JSONB data flattener for Postgresl

Project description

The pg_jsonb_flattener is a tool to ease selection of Postgresql table which contains JSONB typed fields.

Provided with a description of the data (a sort of jsonschema) contained in a JSONB field, it is able to build a selectable sqlalchemy expression which can be used as a plain Postgresql table for SELECT queries.

Status

branch

CI

Coverage

master

master_pipeline

master_coverage

develop

develop_pipeline

develop_coverage

Usage

The tool is used by instantiating a JsonbTable providing it:

  • a sqlaclehmy table description as the only positionnal argument

  • a JSON data description for each JSONB field to flatten as named arguments where the argument name is the JSONB field name and the argument value is the JSON data description.

The code below illustrates how the tool can be used to obtain a flat selectable from a data description written in a JSON file.

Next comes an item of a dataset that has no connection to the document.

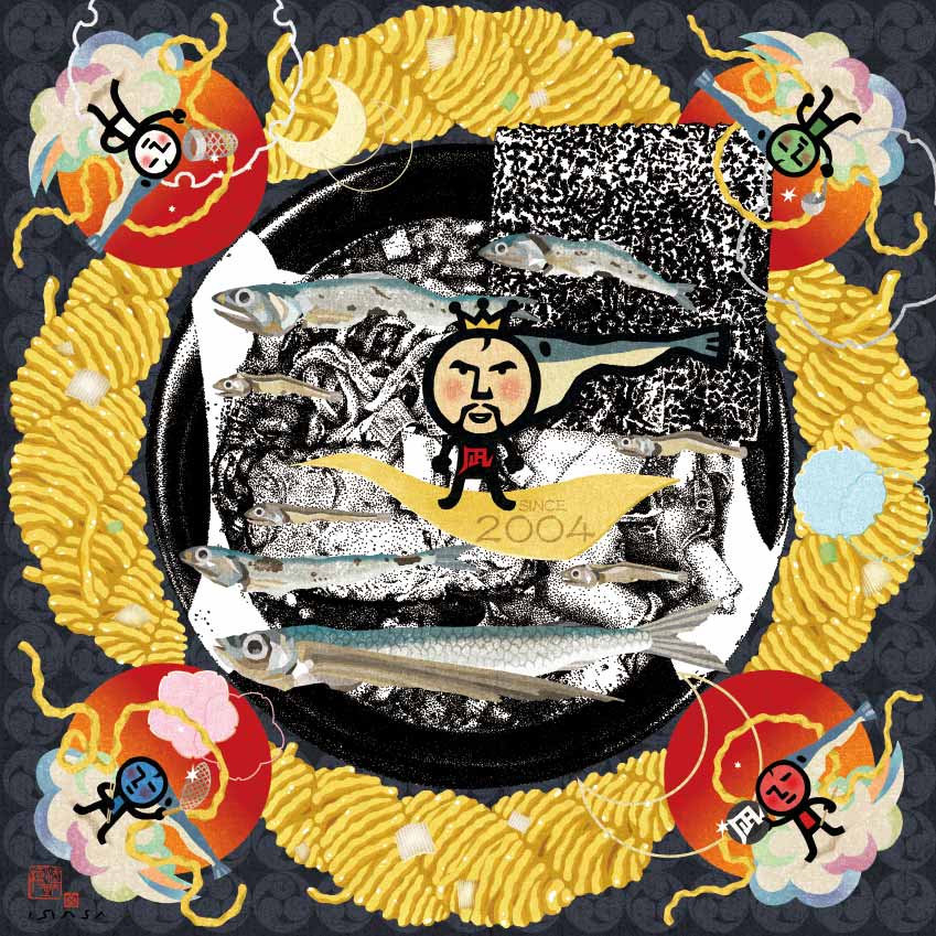 店舗用イメージアート『 吉祥煮干魚凪麺大王招福図 』

from sqlalchemy import create_engine, MetaData, Table
from pg_jsonb_flattener import JsonbTable

ENGINE = create_engine('some database URL')
METADATA = MetaData()
ONE_JSON_FIELD_TABLE = Table(
    'one_json_field_table', METADATA,
    Column('field_one', JSONB)
)
DATA_DESCRIPTION = json.load('path/to/data_description.json')

jsonb_table = JsonbTable(ONE_JSON_FIELD_TABLE, field_one=DATA_DESCRIPTION)

flat_selectable = jsonb_table.get_query()

with engine.connect() as conn:
    result = conn.execute(flat_selectable).fetchall()

Then, the flat_selectable variable contains a selectable expression which acts as a table where the JSONB field_one field has been replaced by several scalar typed fields whose names are build from the original JSONB field name and the path of the data in the data structure, with a double undercore as separator.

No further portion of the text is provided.